Ameliorative effect of riboflavin on hyperglycemia, oxidative stress and DNA damage in type-2 diabetic mice: Mechanistic and therapeutic strategies.

作者信息

Alam Md Maroof, Iqbal Sarah, Naseem Imrana

机构信息

Department of Biochemistry, Faculty of Life Sciences, Aligarh Muslim University, Aligarh 202002, U.P., India.

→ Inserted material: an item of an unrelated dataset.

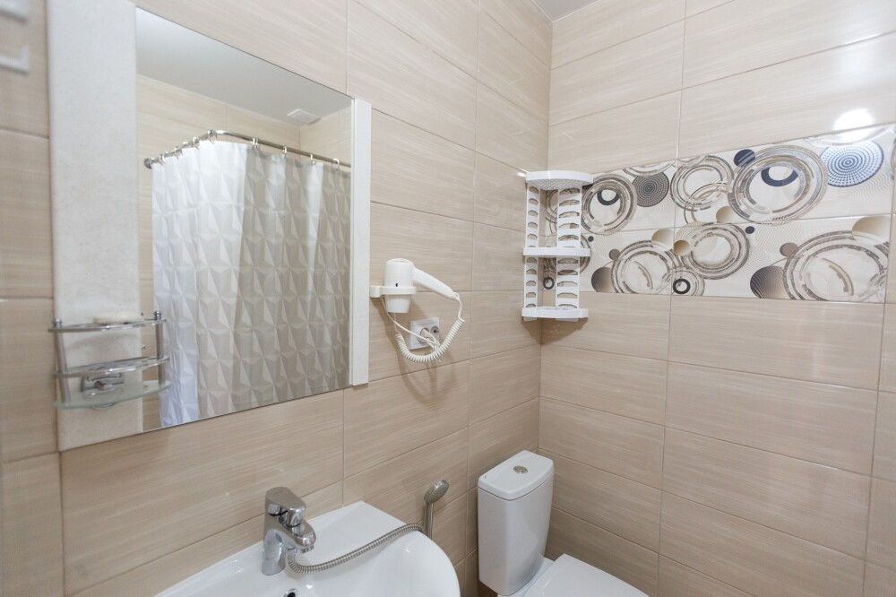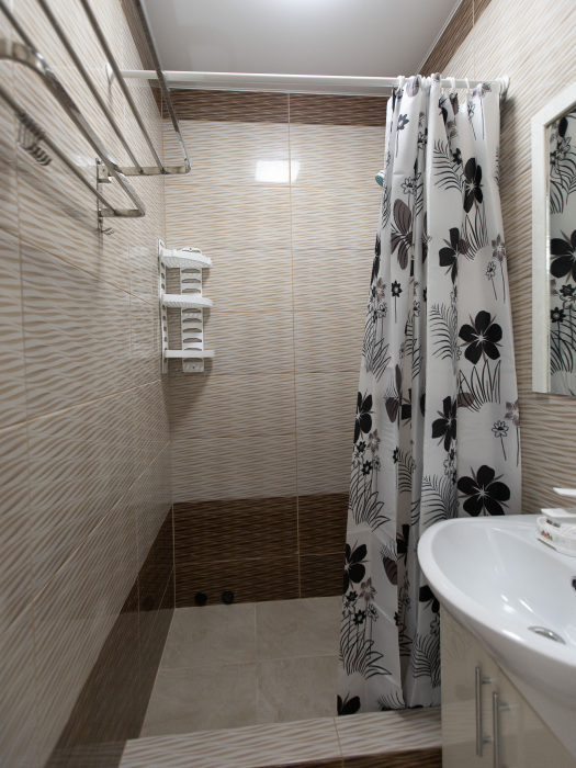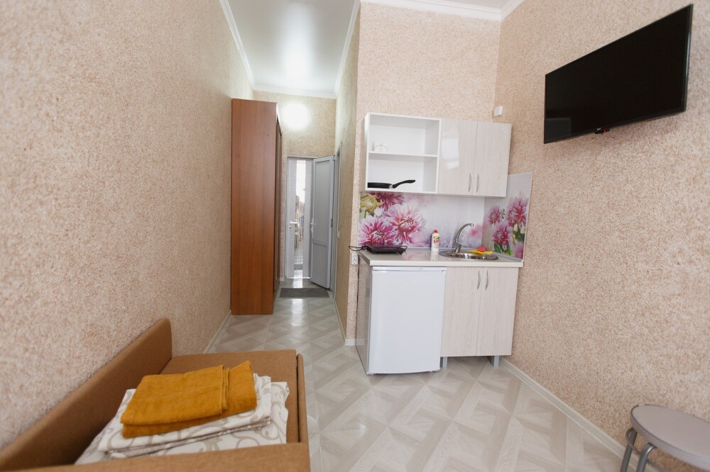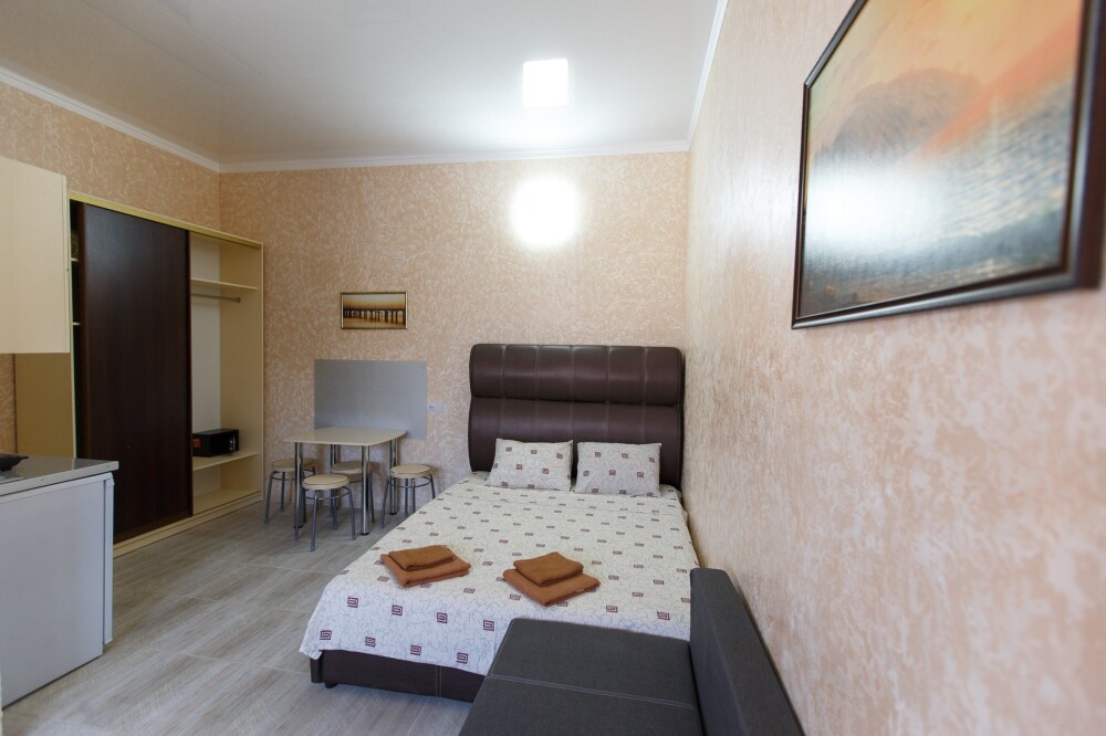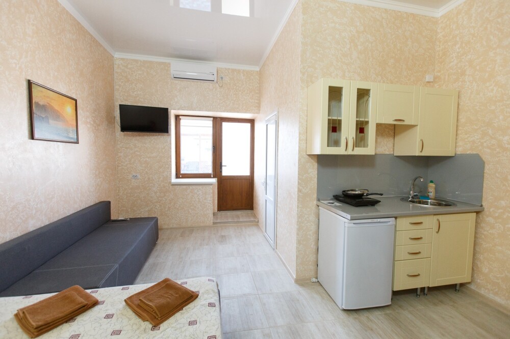 Гостевой дом хороший, все необходимое есть: кондиционер, кулер, холодильник, утюг, мини-сейф, бассейн, шезлонги и зонты, мангал, зона отдыха. Выдают и меняют пляжные полотенца, очень отзывчивые горничные и администратор Наталья. Один минус: далеко от пляжа и центральной набережной. Возможно, что когда откроют после ремонта набережную Терешковой, будет ближе ходить на пляж. Зато рядом Малый Иерусалим, вечером можно гулять, много интересных исторических мест

Department of Biochemistry, Faculty of Life Sciences, Aligarh Muslim University, Aligarh 202002, U.P., India.

出版信息

Arch Biochem Biophys. 2015 Oct 15;584:10-9. doi: 10.1016/j.abb.2015.08.013. Epub 2015 Aug 28.

Abstract

Increasing evidence in both experimental and clinical studies suggests that oxidative stress play a major role in the pathogenesis of type-2 diabetes mellitus (T2DM). Abnormally high levels of free radicals and the simultaneous decline of antioxidant defence mechanisms can lead to damage of cellular organelles and enzymes. Riboflavin constitutes an essential nutrient for humans and is also an important food additive for animals. It is a precursor of flavin mononucleotide (FMN) and flavin adenine dinucleotide (FAD) which serves as a coenzyme for several enzymes. The aim of this study was to observe the effects of illuminated and non-illuminated riboflavin in a diabetic mice model. The protocol included treatment of diabetic mice with illuminated RF and a control set without light. To our surprise, group receiving RF without light gave better results in a dose dependent manner. Significant amelioration of oxidative stress was observed with an increased glucose uptake in skeletal muscles and white adipose tissue. Histological studies showed recovery in the liver and kidney tissue injury. Cellular DNA damage was also recovered. Therefore, it is suggested that supplementation with dietary riboflavin might help in the reduction of diabetic complications. A possible mechanism of action is also proposed.

摘要

越来越多的实验和临床研究证据表明,氧化应激在2型糖尿病(T2DM)的发病机制中起主要作用。自由基水平异常升高以及抗氧化防御机制同时下降会导致细胞器和酶的损伤。核黄素是人类必需的营养素,也是动物重要的食品添加剂。它是黄素单核苷酸(FMN)和黄素腺嘌呤二核苷酸(FAD)的前体,而FMN和FAD作为几种酶的辅酶。本研究的目的是观察光照和未光照的核黄素对糖尿病小鼠模型的影响。实验方案包括用光照的核黄素治疗糖尿病小鼠以及设置无光照的对照组。令我们惊讶的是,未光照核黄素组以剂量依赖的方式取得了更好的结果。观察到氧化应激显著改善,骨骼肌和白色脂肪组织中的葡萄糖摄取增加。组织学研究显示肝脏和肾脏组织损伤得到恢复。细胞DNA损伤也得到了恢复。因此,建议补充膳食核黄素可能有助于减少糖尿病并发症。还提出了一种可能的作用机制。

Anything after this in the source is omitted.